■ What to work on
The required output holds only the lines from the one containing "당사의 2020년 실적은" through the end of the material below, copied exactly, please, with no pictures.
Given data START
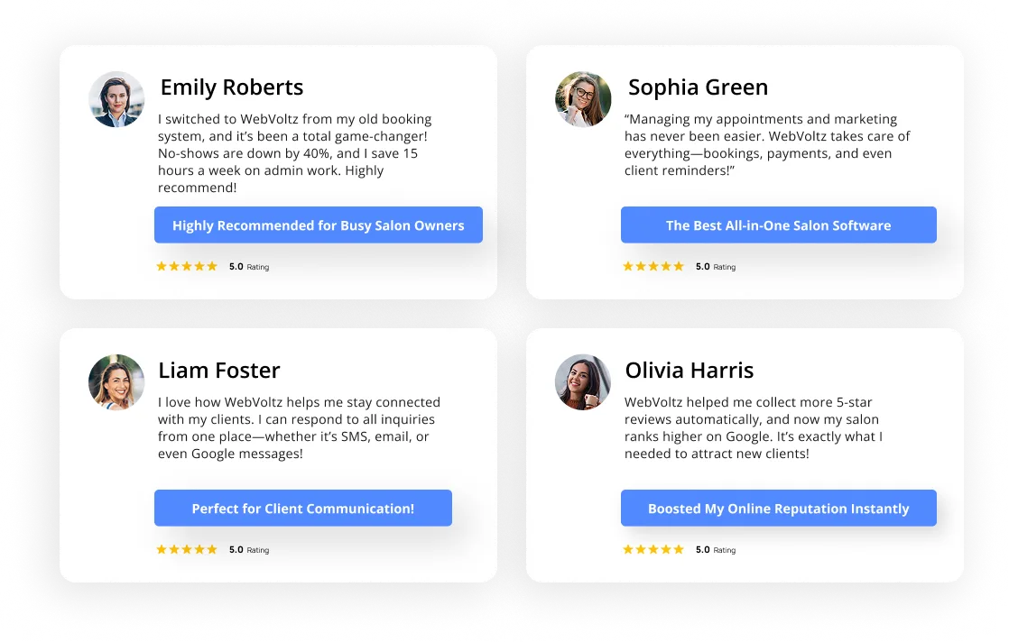 WebVoltz automatically requests 5-star reviews from happy clients, helping grow your salon’s online presence and attract new customers.
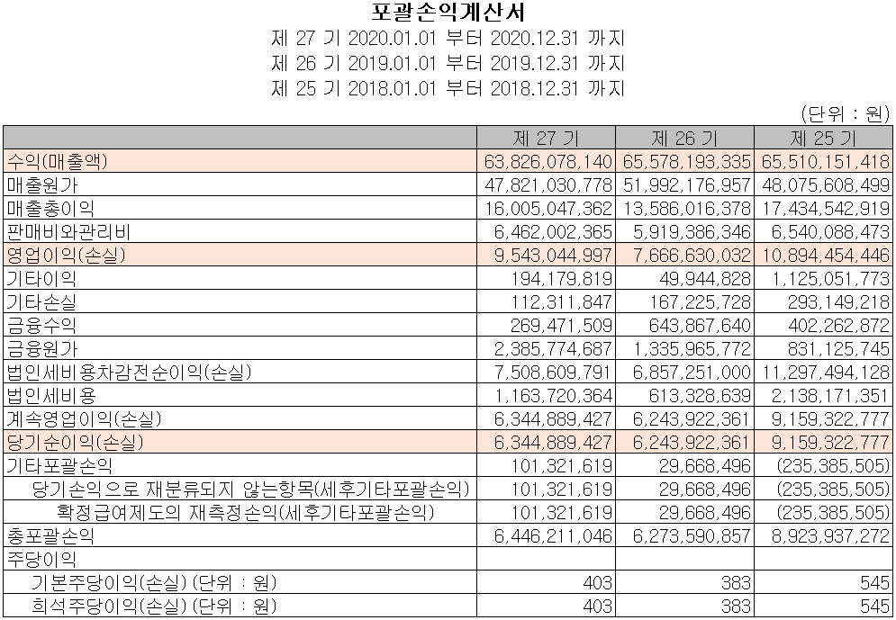 당사의 2020년 실적은 매출액 638억 원으로 전년 대비 2.7% 감소하였으며, 영업이익은 95억 원으로 24.5% 증가, 당기순이익은 63억 원을 기록하면서 전기 대비 1.6% 증가하였습니다. 레이저 응용장비의 제조 노하우로 인해 제조원가가 감소하면서 영업이익이 증가하였습니다. 반면 환율 변동으로 환차손이 발생하면서 당기순이익은 소폭 증가하는데 그쳤습니다.
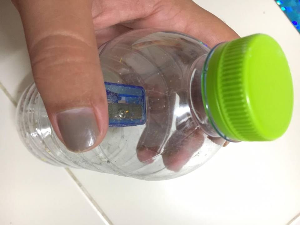 2. นำขวดน้ำที่ล้างแล้วนั้น มาลองเอากบเหลาดินสอมาวัด พร้อมตัดขวดน้ำส่วนบนให้ช่องมีขนาดเท่ากับขนาดของกบเหลาดินสอ
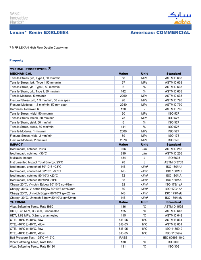 应用范围: 产品描述 LEXAN PC EXRL0684物性表 7 MFR LEXAN High Flow Ductile Copolymer
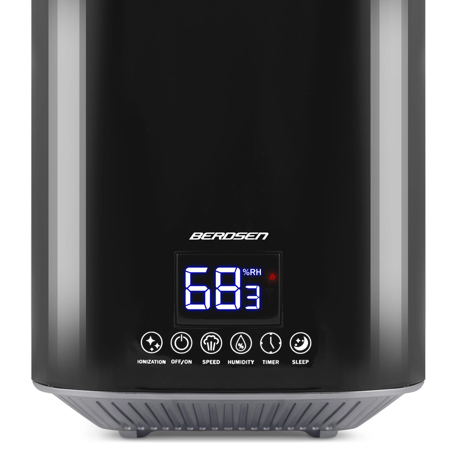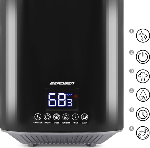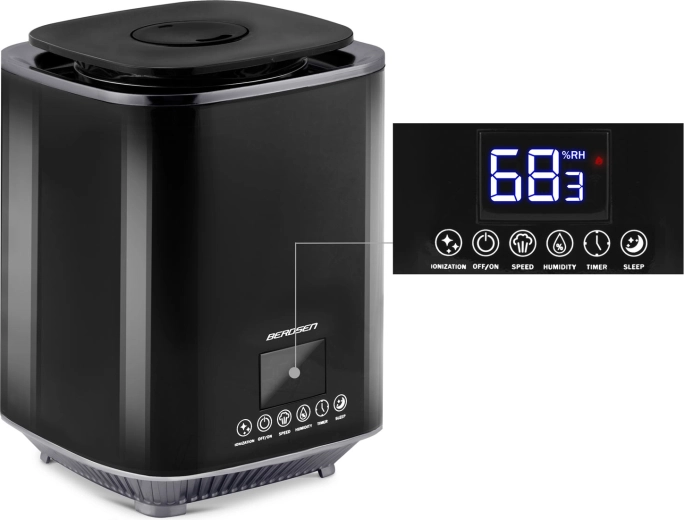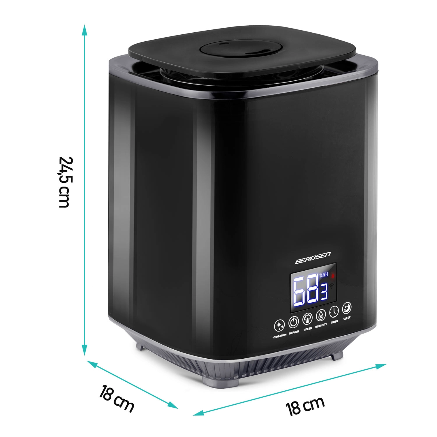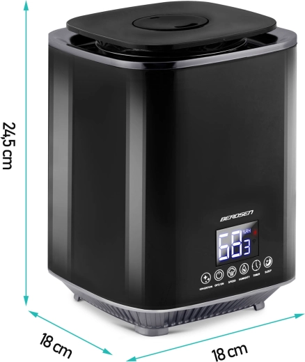 Moderne ultralydsluftfugter BERDSEN med ionisering og aromaterapi sikrer et sundt indeklima derhjemme og på kontoret. Den tilbyder kapacitet op til 250 ml/t, stor vandtank på 2,6 l, præcis fugtstyring via hygrostat 45–90 % og indbygget hygrometer. Bekvem betjening via berøringsfølsomt LED-panel og fjernbetjening, desuden timer, nattilstand og automatisk slukning når tanken er tom.
Given data END
■ Expected output
 당사의 2020년 실적은 매출액 638억 원으로 전년 대비 2.7% 감소하였으며, 영업이익은 95억 원으로 24.5% 증가, 당기순이익은 63억 원을 기록하면서 전기 대비 1.6% 증가하였습니다. 레이저 응용장비의 제조 노하우로 인해 제조원가가 감소하면서 영업이익이 증가하였습니다. 반면 환율 변동으로 환차손이 발생하면서 당기순이익은 소폭 증가하는데 그쳤습니다.
 2. นำขวดน้ำที่ล้างแล้วนั้น มาลองเอากบเหลาดินสอมาวัด พร้อมตัดขวดน้ำส่วนบนให้ช่องมีขนาดเท่ากับขนาดของกบเหลาดินสอ
 应用范围: 产品描述 LEXAN PC EXRL0684物性表 7 MFR LEXAN High Flow Ductile Copolymer
 Moderne ultralydsluftfugter BERDSEN med ionisering og aromaterapi sikrer et sundt indeklima derhjemme og på kontoret. Den tilbyder kapacitet op til 250 ml/t, stor vandtank på 2,6 l, præcis fugtstyring via hygrostat 45–90 % og indbygget hygrometer. Bekvem betjening via berøringsfølsomt LED-panel og fjernbetjening, desuden timer, nattilstand og automatisk slukning når tanken er tom.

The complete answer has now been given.